● Task instructions: Below is a listing; print exactly its lines from the one containing "Rifiutato Questa tipologia" down to the one containing "フロントは深みのあるグリーン", both inclusive, with every picture left out.

● Supplied data:
****************************************

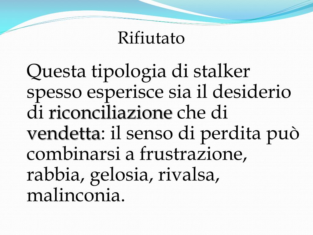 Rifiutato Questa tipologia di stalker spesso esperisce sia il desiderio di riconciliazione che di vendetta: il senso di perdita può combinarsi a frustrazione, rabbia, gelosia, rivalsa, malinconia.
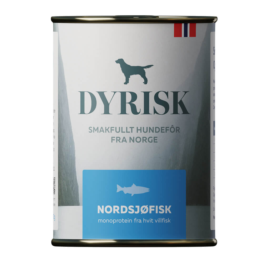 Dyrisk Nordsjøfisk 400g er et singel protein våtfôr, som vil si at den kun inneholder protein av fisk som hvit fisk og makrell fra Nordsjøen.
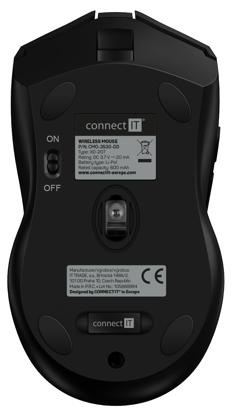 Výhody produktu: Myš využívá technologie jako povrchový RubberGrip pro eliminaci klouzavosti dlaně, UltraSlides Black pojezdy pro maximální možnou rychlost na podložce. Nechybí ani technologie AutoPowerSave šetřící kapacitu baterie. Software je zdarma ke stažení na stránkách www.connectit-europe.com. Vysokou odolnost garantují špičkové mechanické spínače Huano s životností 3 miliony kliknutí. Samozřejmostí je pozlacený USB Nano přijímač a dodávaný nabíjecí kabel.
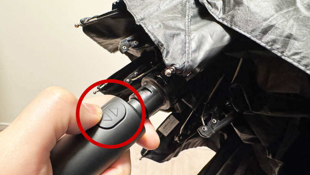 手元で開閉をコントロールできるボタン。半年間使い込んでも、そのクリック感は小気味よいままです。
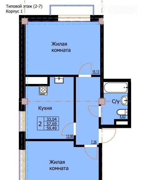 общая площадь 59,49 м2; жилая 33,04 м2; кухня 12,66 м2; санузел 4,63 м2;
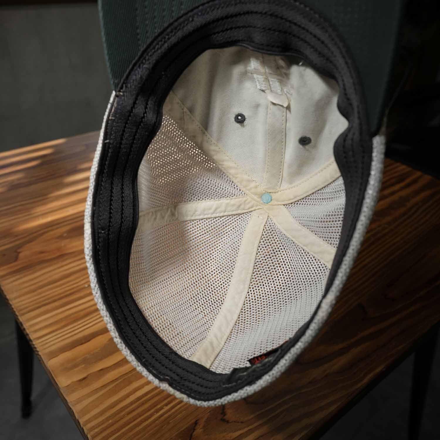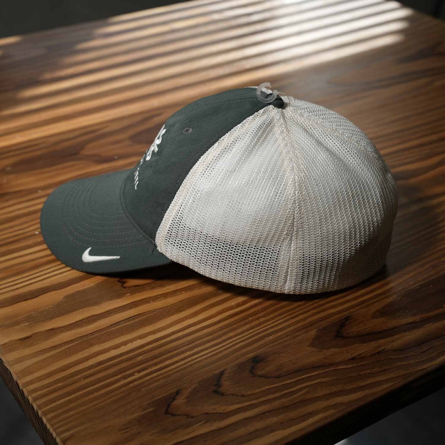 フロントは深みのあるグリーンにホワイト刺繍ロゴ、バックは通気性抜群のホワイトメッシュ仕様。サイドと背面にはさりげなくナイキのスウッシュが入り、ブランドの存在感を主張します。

****************************************

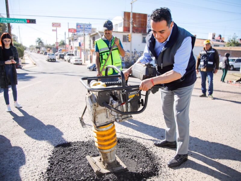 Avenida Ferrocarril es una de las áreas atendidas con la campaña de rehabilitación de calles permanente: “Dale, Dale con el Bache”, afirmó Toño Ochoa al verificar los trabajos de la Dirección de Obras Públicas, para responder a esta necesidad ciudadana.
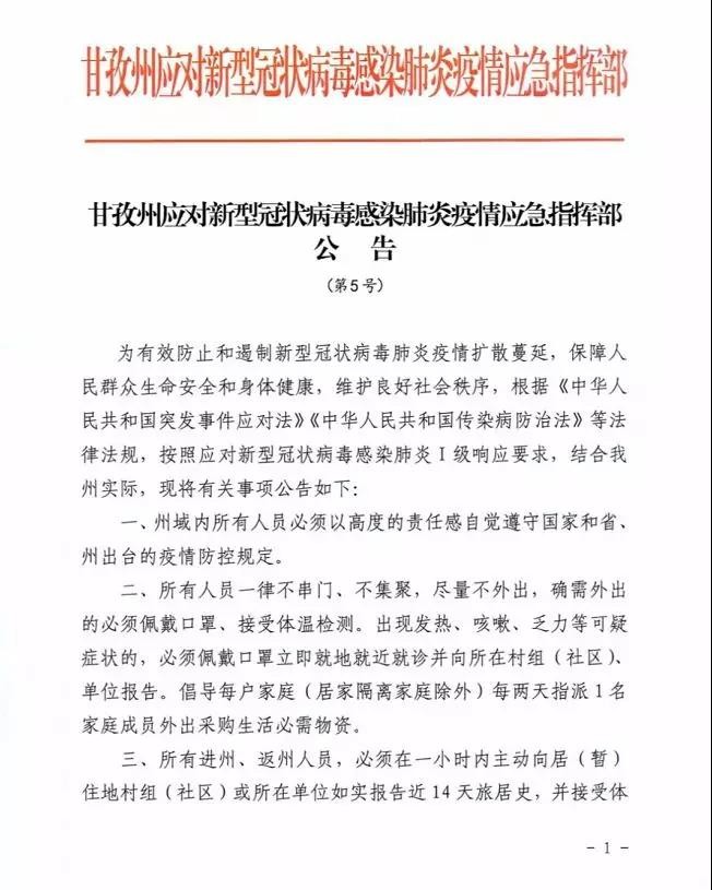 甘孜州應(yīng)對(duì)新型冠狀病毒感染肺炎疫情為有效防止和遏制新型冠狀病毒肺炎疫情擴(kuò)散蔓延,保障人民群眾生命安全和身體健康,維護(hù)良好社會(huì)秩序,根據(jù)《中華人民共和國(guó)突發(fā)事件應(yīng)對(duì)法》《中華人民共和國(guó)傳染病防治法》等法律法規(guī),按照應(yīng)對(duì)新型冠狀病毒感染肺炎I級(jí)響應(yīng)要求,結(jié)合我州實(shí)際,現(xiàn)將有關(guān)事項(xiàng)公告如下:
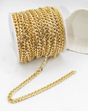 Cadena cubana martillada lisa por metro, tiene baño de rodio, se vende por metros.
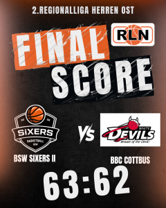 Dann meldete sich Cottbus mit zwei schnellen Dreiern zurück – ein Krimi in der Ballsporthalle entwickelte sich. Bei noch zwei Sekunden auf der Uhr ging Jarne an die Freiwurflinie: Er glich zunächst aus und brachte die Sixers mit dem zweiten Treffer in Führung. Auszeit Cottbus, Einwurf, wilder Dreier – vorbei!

****************************************

● Your response:
 Rifiutato Questa tipologia di stalker spesso esperisce sia il desiderio di riconciliazione che di vendetta: il senso di perdita può combinarsi a frustrazione, rabbia, gelosia, rivalsa, malinconia.
 Dyrisk Nordsjøfisk 400g er et singel protein våtfôr, som vil si at den kun inneholder protein av fisk som hvit fisk og makrell fra Nordsjøen.
 Výhody produktu: Myš využívá technologie jako povrchový RubberGrip pro eliminaci klouzavosti dlaně, UltraSlides Black pojezdy pro maximální možnou rychlost na podložce. Nechybí ani technologie AutoPowerSave šetřící kapacitu baterie. Software je zdarma ke stažení na stránkách www.connectit-europe.com. Vysokou odolnost garantují špičkové mechanické spínače Huano s životností 3 miliony kliknutí. Samozřejmostí je pozlacený USB Nano přijímač a dodávaný nabíjecí kabel.
 手元で開閉をコントロールできるボタン。半年間使い込んでも、そのクリック感は小気味よいままです。
 общая площадь 59,49 м2; жилая 33,04 м2; кухня 12,66 м2; санузел 4,63 м2;
 フロントは深みのあるグリーンにホワイト刺繍ロゴ、バックは通気性抜群のホワイトメッシュ仕様。サイドと背面にはさりげなくナイキのスウッシュが入り、ブランドの存在感を主張します。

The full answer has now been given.